Configure and manage Identities
Manage your Identities deployment and configure identifiers using Snowplow Console.
Navigate to Identities in the Console sidebar. If Identities is not yet deployed for your pipeline, you'll see a setup page. Click Start configuration to begin.
If Identities is already deployed, you'll see the Identities overview page with your current configuration. Click Edit configuration to make changes.
Configure identifiers
Configure which fields from your events should be used as identifiers.
The fields you choose affect both resolution quality and the cost and latency of running Identities.
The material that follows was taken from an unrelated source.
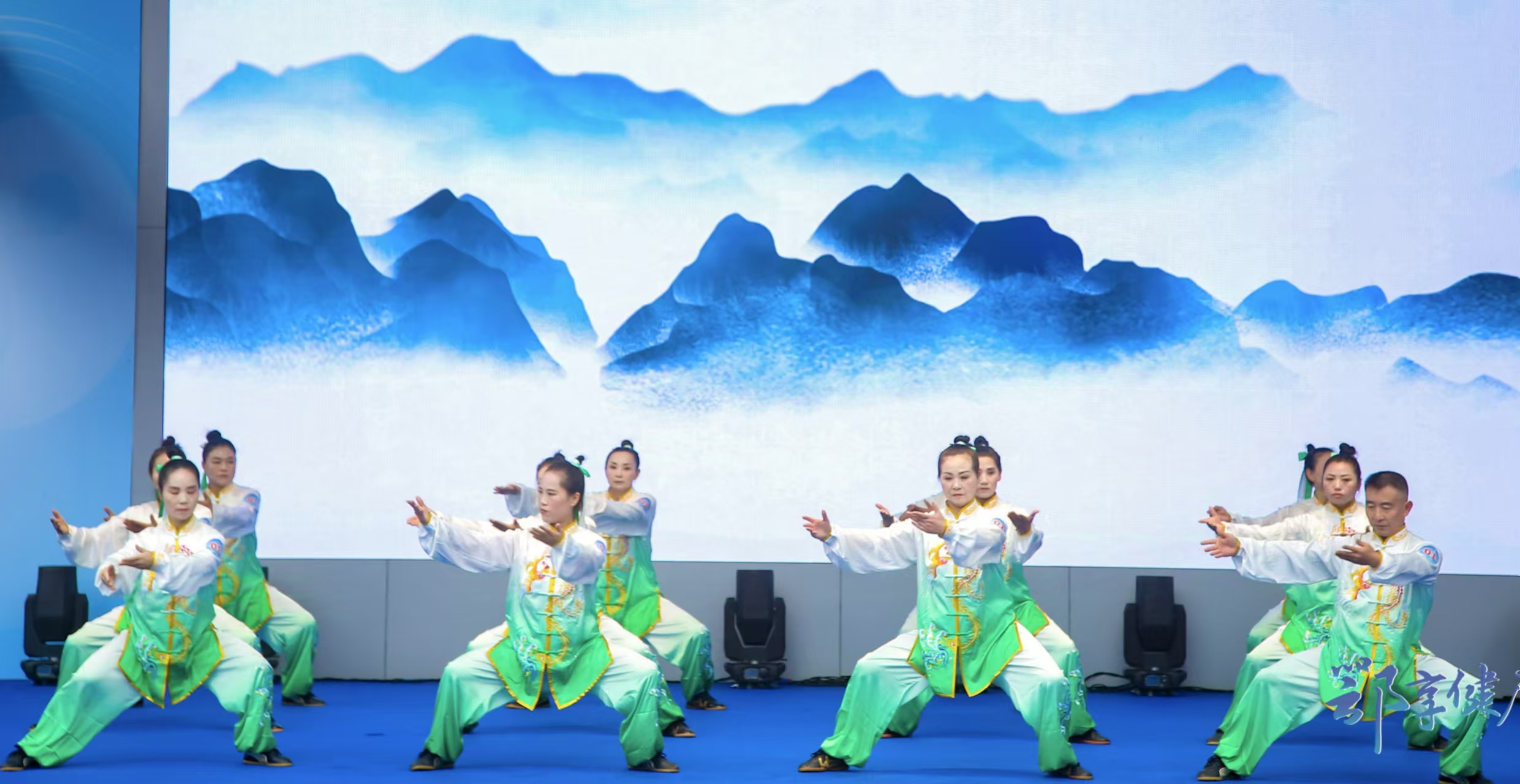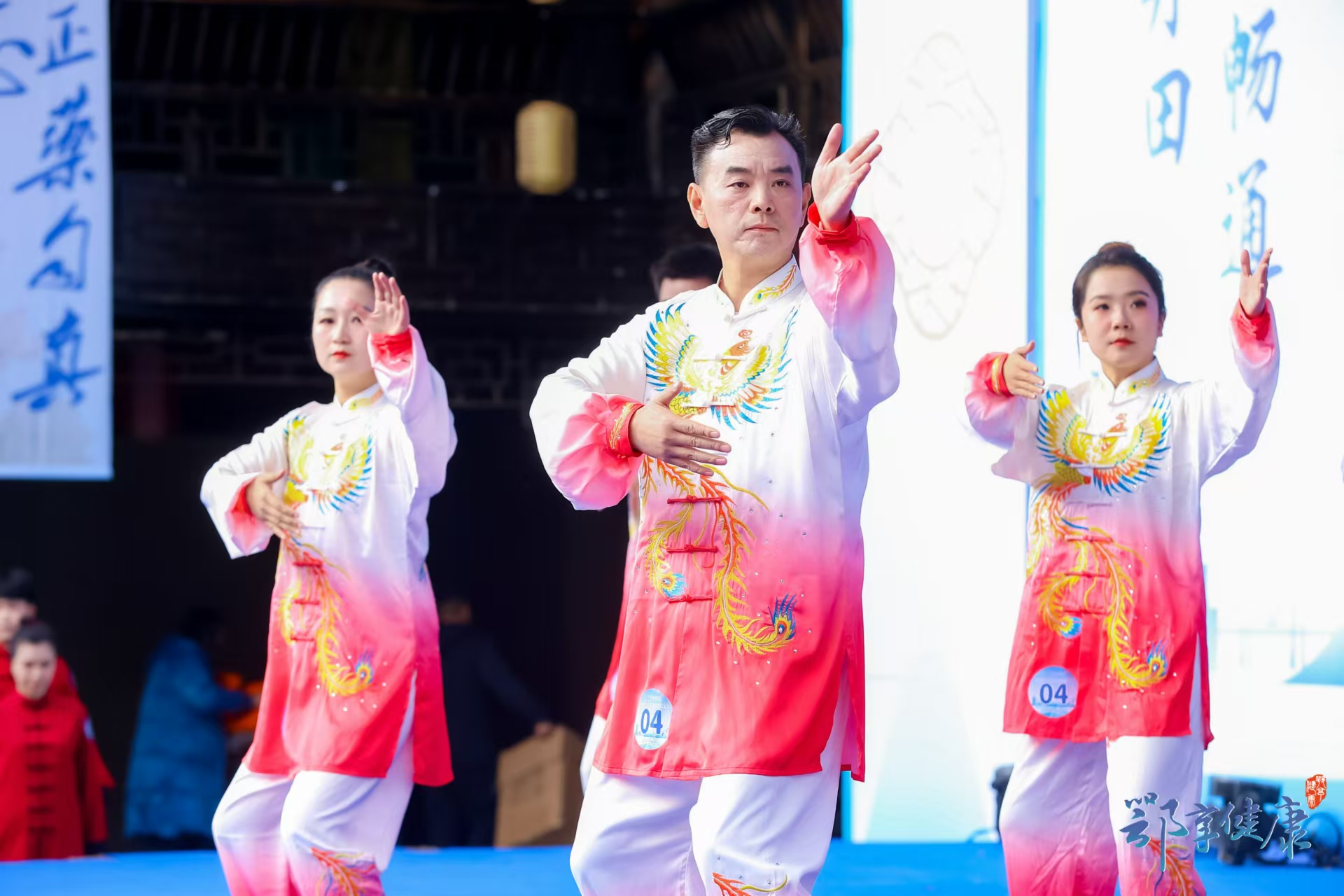 比赛现场,武汉市中医医院的选手们身着传统服饰,凝神静气,伴随着柔和悠然的乐曲,舒缓抬臂,伸展身体,一招一式间尽展阴阳互化的刚柔之美。单鞭、云手、进步、转身,来自荆州市代表队的选手们将武术与太极完美融合,以张弛有度、潇洒飘逸的动作表演点燃了全场观众的热情,一曲终了更是赢得阵阵掌声。

Before adding an identifier, read choosing identifiers and validate its cardinality against your warehouse.
Each identifier type has:
| Field | Description | Required? |
|---|---|---|
| Name | A unique name for this identifier type, e.g. acme_user_id | Yes |
| Property | The event property to extract the identifier value from | Yes |
| Unique | Whether this identifier should prevent merges between Snowplow IDs with different values | No |
| Priority | The priority used when generating fallback IDs; higher is preferred | Yes |
Only one identifier can be marked as unique.
A single event field can only be mapped to one identifier type. Identifier names must be unique.
Add an identifier
Follow the steps in Console to create a new identifier.
Removing an identifier affects identity resolution for all future events. Snowplow IDs that would have been connected through this identifier will appear as separate Snowplow IDs going forward. Historical identities won't change. This can't be undone.
Enable cross-domain tracking aliases
If you use cross-domain tracking, check the Enable cross-domain tracking aliases box. This automatically extracts refr_domain_userid as an identifier and maps it to domain_userid and client_session_user_id, so the same user is resolved across sites with different cookie domains.
For cross-domain tracking aliases to work, you must have identifiers named domain_userid or client_session_user_id (or both) defined in the identifiers section above.
Set event filters
By default, Identities processes all events that flow through your pipeline. Use event filters to limit identity resolution to a subset of events.
Event filters are optional. Common reasons to filter events include:
- Processing only events from specific applications, using
app_id - Excluding server-side events that don't represent user activity
- Limiting to events from specific platforms
You can add multiple filters and combine them with AND (all conditions must match) or ANY (at least one condition must match) logic.
To add a filter, click Add filter and configure:
| Field | Description |
|---|---|
| Property | The event property to filter on |
| Operator | is one of (include) or is not one of (exclude) |
| Value | A list of values to match |
Supported scale
Identities is self-serviceable from Console. The default deployment is sized for typical production event volumes and reasonable identifier configurations, where each configured identifier is stable for a user. Following the guidance in choosing identifiers keeps your deployment within these defaults.
High-volume pipelines aren't covered by the self-serve defaults and shouldn't be deployed without guidance. If you expect a large event volume, or your warehouse checks show high-cardinality identifiers you can't avoid, contact Snowplow Support before deploying Identities.